Here GHC has translated the expression into

(\x y -> x || y) <$> m 'a' <*> m 'b'

It is possible to see the actual translation by using -ddump-ds, but be warned, the output is quite verbose.

Note that if the expression can’t be translated into uses of <$>, <*> only, then it will incur a Monad constraint as usual. This happens when there is a dependency on a value produced by an earlier statement in the do-block:

Prelude> :t \m -> do { x <- m True; y <- m x; return (x || y) }
\m -> do { x <- m True; y <- m x; return (x || y) }
  :: Monad m => (Bool -> m Bool) -> m Bool

Here, m x depends on the value of x produced by the first statement, so the expression cannot be translated using <*>.

In general, the rule for when a do statement incurs a Monad constraint is as follows. If the do-expression has the following form:

do p1 <- E1; ...; pn <- En; return E

where none of the variables defined by p1...pn are mentioned in E1...En, and p1...pn are all variables or lazy patterns, then the expression will only require Applicative. The do expression may also contain let statements anywhere, provided that the right-hand-sides of the let bindings do not mention any of p1...pn. Otherwise, the expression will require Monad. The block may return a pure expression E depending upon the results p1...pn and the let bindings, with either return or pure.

Note: the final statement must match one of these patterns exactly:

  • return E
  • return $ E
  • pure E
  • pure $ E

otherwise GHC cannot recognise it as a return statement, and the transformation to use <$> that we saw above does not apply. In particular, slight variations such as return . Just $ x or let x = e in return x would not be recognised.

If the final statement is not of one of these forms, GHC falls back to standard do desugaring, and the expression will require a Monad constraint.

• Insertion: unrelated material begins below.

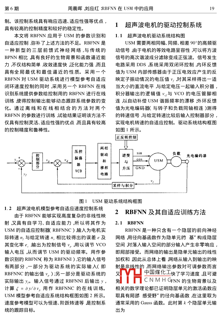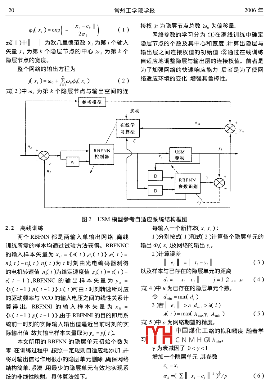 第19卷第6期常州工學院學報Vol 19 No 62006年12月Journal of Changzhou Institute of TechnologyDec.2006RBFN在USM中的應用周晨暉劉應紅福建師范大學福清分校福建福州350300)摘要油于超聲波電機運行的高度非線性在建立超聲波電機的數(shù)學模型很困難的情況下采用神經(jīng)網(wǎng)絡的方法對馬達的溫度或速度等數(shù)據(jù)采集進行訓練是比較理想的方法。文章建立了BF神經(jīng)網(wǎng)絡的方法進行離線和在線相結合的訓練用LABⅤEW7.0建立控制平臺直接調(diào)用MATLAB的神經(jīng)網(wǎng)絡工具箱。仿真表明該系統(tǒng)可以達到速度精確控制的要求。關鍵詞RBFN匯ABⅤIEW超聲波電機 MATLAB中圖分類號TM383/TP183文獻標識碼A文章編號671-0436(200606-0018-040引言性使得數(shù)學建模非常困難至今仍沒有能夠完全表達USM穩(wěn)態(tài)和動態(tài)特性的精確數(shù)學模型。而超聲波電機〔 Ultrasonic motor簡稱USM)是且USM壓電陶瓷的諧振頻率會隨著溫度、電源20世紀末期發(fā)展起來的一種新型驅(qū)動電機。它電壓、負載轉(zhuǎn)矩以及定轉(zhuǎn)子之間靜壓力等外界條的基本結構及工作完全不同于傳統(tǒng)的電磁馬達,件的變化而發(fā)生漂移。這些都增加了對USM的沒有繞組與磁路不以電磁作用傳遞能量而是控制難度。在目前已有的智能控制方式中,人工種利用超聲波振動能作為驅(qū)動源的新原理電機,神經(jīng)網(wǎng)絡控制因其可以較好地解決非線性、不確是電機制造、機械振動學、摩擦學、功能材料、電子定性控制問題所以人工神經(jīng)網(wǎng)絡在超聲波電機技術和自動控制等學科綜合交叉發(fā)展的產(chǎn)物。它的控制中得到極大的應用。如日本學者 Senjyu將電能通過壓電陶瓷轉(zhuǎn)變?yōu)闄C械振動能然后漢和Fa- Jeng lin先后將BP神經(jīng)網(wǎng)絡和模糊神經(jīng)借助摩擦力將杋械振動能轉(zhuǎn)變?yōu)橹本€運動或旋轉(zhuǎn)網(wǎng)絡應用于USM的控制取得了較好的效果。運動。由于具有其他電機所沒有的特性因此引但是BP神經(jīng)網(wǎng)絡在函數(shù)逼近方面存在學習收斂起了學術界和企業(yè)界的重視在機器人、微型機速度慢、易于陷入局部極小等缺點且在理論上與械、醫(yī)學、航空航天、儀器儀表等領域有著廣泛的生物背景不十分相符。模糊神經(jīng)網(wǎng)絡用神經(jīng)網(wǎng)絡應用前景。與法拉第電磁式電機相比超聲電機實現(xiàn)了模糊系統(tǒng)從而可以通過訓練來求得其中的優(yōu)點是泜轉(zhuǎn)速、大轉(zhuǎn)矩、無需減速機構就可直的參數(shù)。但由于要對數(shù)據(jù)進行模糊化和反模糊化接驅(qū)動負載結構簡單體積小重量輕記起動、停處理需要增加一個隱層這將增加結構的復雜程止響應快響應時間小于毫秒級不產(chǎn)生也不受電度和計算時間網(wǎng)絡的訓練速度通常比較慢且很磁干擾不怕輻射,可用于低溫的環(huán)境洧有自保持難中國煤化工力矩無齒輪間隙,精密定位不需潤滑劑運行M控制策略,系統(tǒng)采安靜、噪聲小??梢哉f超聲電機技術是處于當今用從環(huán)玩小用丁下償定子機械振動頻率世界高新技術之的漂移外環(huán)采用徑向基神經(jīng)網(wǎng)絡 RBFNN)控制但是USM的高度非線性、時變性和強耦合器調(diào)節(jié)USM的驅(qū)動頻率,實現(xiàn)速度的自適應控收稿日期2006-10-11第6期周晨暉劉應紅 cRBFNN在USM中的應用19制。該控制系統(tǒng)具有響應迅速適應性強等優(yōu)點,1超聲波電機的驅(qū)動控制系統(tǒng)具有較高的控制精度和較好的穩(wěn)定性。本文將 RBFNN應用于USM的參數(shù)識別和1.1超聲波電機驅(qū)動系統(tǒng)結構圖自適應控制彌補了上述方法的不足。 RBFNN是USM需要兩相同幅、同頻、相差90°的高頻驅(qū)種新型的三層前饋式神經(jīng)網(wǎng)絡,與傳統(tǒng)的動信號由于電機的等效電路呈容性可以將方波BPNN相比具有良好的生物背景和函數(shù)逼近能信號的高次諧波成分濾除變成正弦波。信號發(fā)生力不僅結構簡單收斂速度快泛化能力強而且電路采用DDS系統(tǒng)采用雙閉環(huán)控制內(nèi)環(huán)反饋具有全局最優(yōu)和最佳逼近的性質(zhì)。采用一個值為USM內(nèi)部傳感器由于正壓電效應產(chǎn)生的反RBFNN對USM驅(qū)動系統(tǒng)進行模型參考自適應映定子振動情況的電壓值ν對其采樣得出一適閉環(huán)速度控制的同時采用另一個 RBFNN在線當大小的直流電平與給定電壓一起輸入積分器,識別系統(tǒng)提供參數(shù)給控制用的 RBFNN進行在線積分器輸出的邏輯值ν與ⅤCO的電壓管腳相訓練使得控制輸岀能夠動態(tài)跟蹤系統(tǒng)參數(shù)的變連以自動補償υUSM諧振頻率的漂移;外環(huán)反饋化。通過離線和在線相結合的方法對兩個值為光電編碼器(與轉(zhuǎn)子和負載同軸相連)測得RBFNN的參數(shù)進行訓練試驗結果證明該方法不的轉(zhuǎn)速信號與給定轉(zhuǎn)速比較后輸入控制器部分,僅具有控制靈活、適應性強的優(yōu)點而且具有較高實現(xiàn)電機轉(zhuǎn)速的自適應控制。驅(qū)動系統(tǒng)結構框圖的控制精度和魯棒性如圖1所示。叵反轉(zhuǎn)控制兩相驅(qū)動振蕩逆變sn負載光電編碼器和USM移相升壓「GNDCD電路區(qū)樣與積分圖1USM驅(qū)動系統(tǒng)結構框圖1.2超聲波電機模型參考自適應速度控制系統(tǒng)由于 RBENN能夠?qū)崿F(xiàn)高度復雜的非線性映2 RBFNN及其自

When the statements of a do expression have dependencies between them, and ApplicativeDo cannot infer an Applicative type, it uses a heuristic algorithm to try to use <*> as much as possible. This algorithm usually finds the best solution, but in rare complex cases it might miss an opportunity. There is an algorithm that finds the optimal solution, provided as an option:


Enables an alternative algorithm for choosing where to use <*> in conjunction with the ApplicativeDo language extension. This algorithm always finds the optimal solution, but it is expensive: O(n^3), so this option can lead to long compile times when there are very large do expressions (over 100 statements). The default ApplicativeDo algorithm is O(n^2). Strict patterns

A strict pattern match in a bind statement prevents ApplicativeDo from transforming that statement to use Applicative. This is because the transformation would change the semantics by making the expression lazier.

For example, this code will require a Monad constraint:

> :t \m -> do { (x:xs) <- m; return x }
\m -> do { (x:xs) <- m; return x } :: Monad m => m [b] -> m b

but making the pattern match lazy allows it to have a Functor constraint:

> :t \m -> do { ~(x:xs) <- m; return x }
\m -> do { ~(x:xs) <- m; return x } :: Functor f => f [b] -> f b

A “strict pattern match” is any pattern match that can fail. For example, (), (x:xs), !z, and C x are strict patterns, but x and ~(1,2) are not. For the purposes of ApplicativeDo, a pattern match against a newtype constructor is considered strict.

When there’s a strict pattern match in a sequence of statements, ApplicativeDo places a >>= between that statement and the one that follows it. The sequence may be transformed to use <*> elsewhere, but the strict pattern match and the following statement will always be connected with >>=, to retain the same strictness semantics as the standard do-notation. If you don’t want this, simply put a ~ on the pattern match to make it lazy. Things to watch out for

Your code should just work as before when ApplicativeDo is enabled, provided you use conventional Applicative instances. However, if you define a Functor or Applicative instance using do-notation, then it will likely get turned into an infinite loop by GHC. For example, if you do this:

instance Functor MyType where
    fmap f m = do x <- m; return (f x)

Then applicative desugaring will turn it into

instance Functor MyType where
    fmap f m = fmap (\x -> f x) m

And the program will loop at runtime. Similarly, an Applicative instance like this

instance Applicative MyType where
    pure = return
    x <*> y = do f <- x; a <- y; return (f a)

will result in an infinite loop when <*> is called.

Just as you wouldn’t define a Monad instance using the do-notation, you shouldn’t define Functor or Applicative instance using do-notation (when using ApplicativeDo) either. The correct way to define these instances in terms of Monad is to use the Monad operations directly, e.g.

instance Functor MyType where
    fmap f m = m >>= return . f

instance Applicative MyType where
    pure = return
    (<*>) = ap